WHAT YOU NEED TO DO:
Before printing the listing, strip out its pictures and keep everything else exact.

SOURCE DATA:
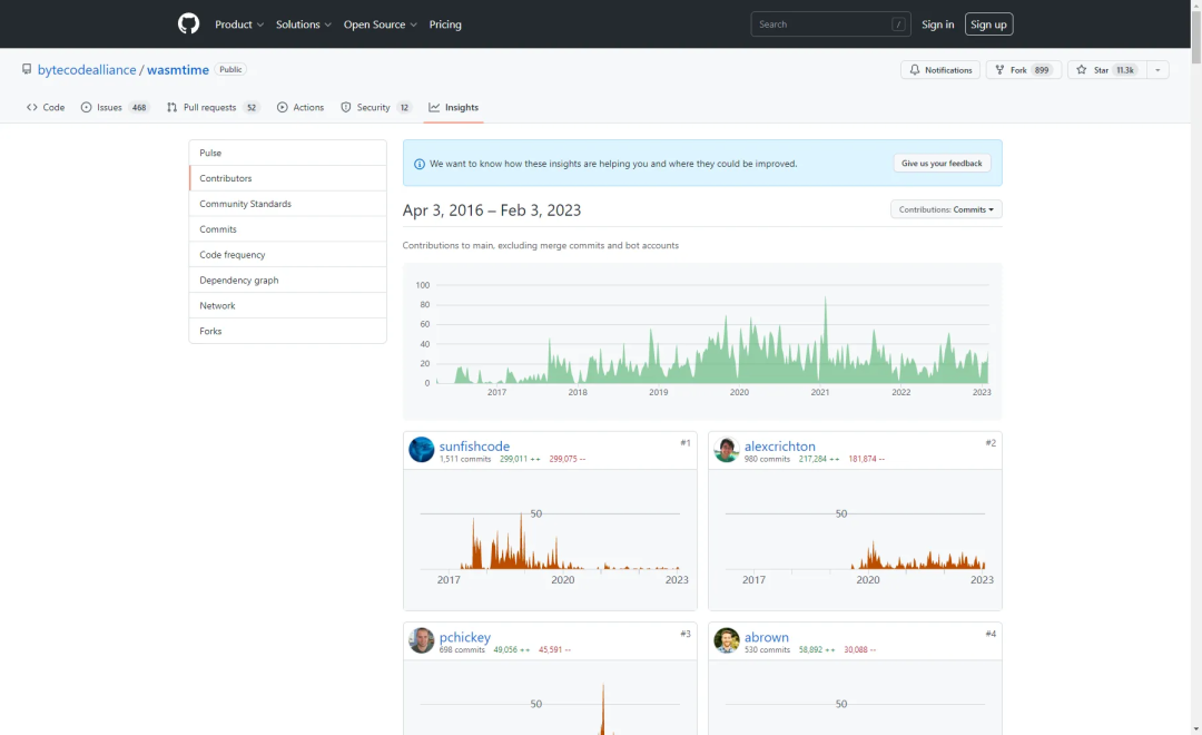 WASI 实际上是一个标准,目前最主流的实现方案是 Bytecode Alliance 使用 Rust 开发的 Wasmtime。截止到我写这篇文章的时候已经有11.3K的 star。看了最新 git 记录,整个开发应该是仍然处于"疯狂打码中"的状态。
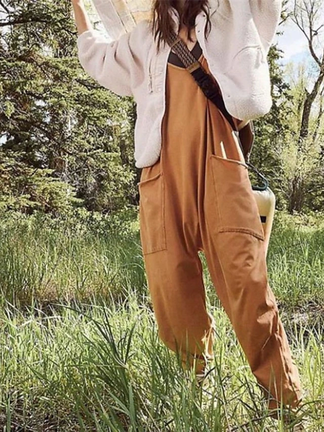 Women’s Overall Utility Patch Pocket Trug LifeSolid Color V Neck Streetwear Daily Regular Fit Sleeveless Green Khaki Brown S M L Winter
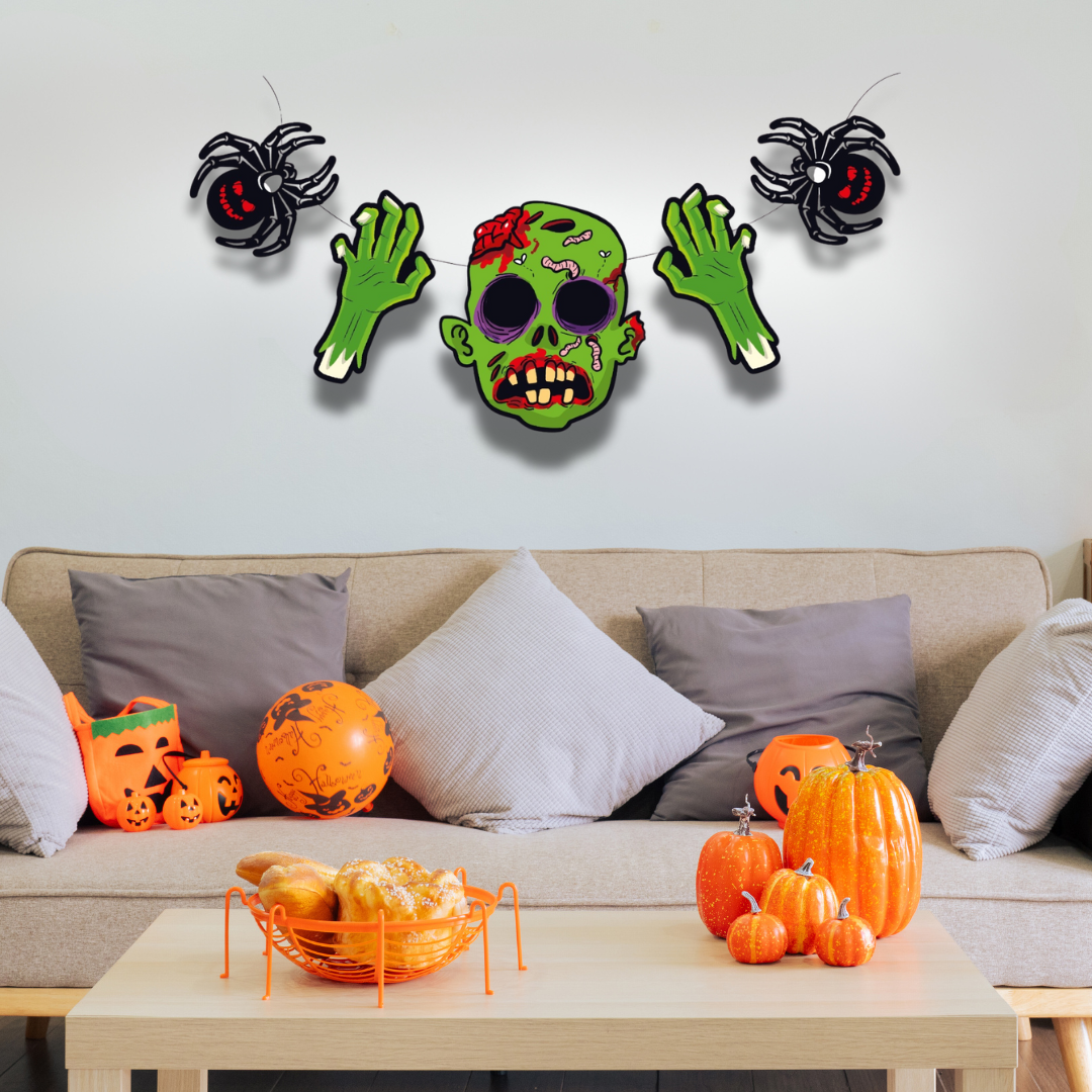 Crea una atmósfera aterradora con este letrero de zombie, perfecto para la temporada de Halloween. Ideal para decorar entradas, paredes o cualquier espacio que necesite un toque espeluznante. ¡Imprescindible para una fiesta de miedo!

RESULT OF THE EXERCISE:
 WASI 实际上是一个标准,目前最主流的实现方案是 Bytecode Alliance 使用 Rust 开发的 Wasmtime。截止到我写这篇文章的时候已经有11.3K的 star。看了最新 git 记录,整个开发应该是仍然处于"疯狂打码中"的状态。
 Women’s Overall Utility Patch Pocket Trug LifeSolid Color V Neck Streetwear Daily Regular Fit Sleeveless Green Khaki Brown S M L Winter
 Crea una atmósfera aterradora con este letrero de zombie, perfecto para la temporada de Halloween. Ideal para decorar entradas, paredes o cualquier espacio que necesite un toque espeluznante. ¡Imprescindible para una fiesta de miedo!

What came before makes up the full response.